The above image was made with stable diffusion using the prompt 'sorting colored boxes into rows.'

I want to start playing around with news article recommendation algorithms. I'm also interested in using machine intelligence to identify and map out connections between news reports to see what larger stories emerge. This is related to my work for WantToKnow.info, but I'm just doing it for fun on my own time.

My first post on the project described my initial encounter with the data. My second post described the trials and tribulations of preprocessing. My third post showed how I finally got all of the data into a pandas dataframe. Here, you'll find the code I used to scrub and standardize the data to make deeper analysis possible.

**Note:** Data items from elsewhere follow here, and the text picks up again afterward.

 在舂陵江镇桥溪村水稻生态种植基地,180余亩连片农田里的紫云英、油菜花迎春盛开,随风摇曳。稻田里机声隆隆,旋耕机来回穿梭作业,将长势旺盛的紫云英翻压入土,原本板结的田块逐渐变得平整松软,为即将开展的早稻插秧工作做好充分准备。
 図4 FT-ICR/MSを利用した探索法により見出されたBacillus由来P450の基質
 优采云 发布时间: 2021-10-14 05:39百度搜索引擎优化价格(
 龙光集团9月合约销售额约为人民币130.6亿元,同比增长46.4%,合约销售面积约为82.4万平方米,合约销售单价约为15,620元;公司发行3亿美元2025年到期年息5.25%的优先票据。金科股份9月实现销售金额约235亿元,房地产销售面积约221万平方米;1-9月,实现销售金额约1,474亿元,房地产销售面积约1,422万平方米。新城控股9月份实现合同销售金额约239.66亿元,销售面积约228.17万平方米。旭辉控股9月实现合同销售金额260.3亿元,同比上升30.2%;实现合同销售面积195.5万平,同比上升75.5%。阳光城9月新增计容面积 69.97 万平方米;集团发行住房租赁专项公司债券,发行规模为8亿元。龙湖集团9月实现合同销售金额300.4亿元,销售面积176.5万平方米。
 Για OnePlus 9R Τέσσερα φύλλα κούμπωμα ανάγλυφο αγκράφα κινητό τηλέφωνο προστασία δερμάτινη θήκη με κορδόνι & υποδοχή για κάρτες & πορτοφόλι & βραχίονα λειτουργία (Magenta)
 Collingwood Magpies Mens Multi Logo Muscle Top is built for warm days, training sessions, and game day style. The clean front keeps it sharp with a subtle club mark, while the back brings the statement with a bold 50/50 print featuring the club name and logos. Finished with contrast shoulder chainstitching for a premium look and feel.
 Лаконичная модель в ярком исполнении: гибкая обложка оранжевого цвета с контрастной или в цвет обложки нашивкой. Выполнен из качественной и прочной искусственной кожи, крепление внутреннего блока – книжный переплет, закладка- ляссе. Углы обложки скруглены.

The code below does many things. It expands category tag lists into new columns, separates article summaries from notes, and extracts links from both summaries and notes. It also simplifies publication data with both one-off anonymous functions and the mediacondense dictionary I build in the precious step. Here it is:

from bs4 import BeautifulSoup as bs
import pandas as pd
import numpy as np
import os
import re

#read in preprocessed file
dfP = pd.read_csv("C:\\datasources\\WTKpreprocessed.csv", sep='|', encoding='utf-8')

#split raw story into summary and note. 
dfP['Summary'], dfP['Note'] = dfP['Description'].str.split('Note:', 1).str 

#create unique tag columns to make values quickly mappable for graph generation
dfP['tags'] = dfP['tags'].astype(str).apply(lambda v: v.replace('\'', ''))
dfP['tags'] = dfP['tags'].astype(str).apply(lambda v: v.replace('[[', '['))
dfP['tags'] = dfP['tags'].astype(str).apply(lambda v: v.replace(']]', ']'))
dfP.tags = dfP.tags.str[1:-1].str.split(',').tolist()
dfT = pd.DataFrame(dfP.tags.values.tolist(), dfP.index).add_prefix('tag_')

form = lambda f: 'tag_{}'.format(f + 1)
pd.DataFrame(
    dfP.tags.values.tolist(),
    dfP.index, dtype=object
).fillna('').rename(columns=form)

df = pd.concat([dfP, dfT], axis=1)

#add tagcount column for convenient advanced indexing
df['tagcount'] = df.tags.apply(lambda l: len(l))

#initialize some lists for data extraction and cleaning
Quotes = []
Summaries = []
Note_text = []
Adtl_ref_links = []
Note_ref_links = []
Media_sources = []

#set variables up for parsing markup
stories = df['Summary'].astype(str).values.tolist()
notes = df['Note'].astype(str).values.tolist()
medias = df['Publication'].astype(str).values.tolist()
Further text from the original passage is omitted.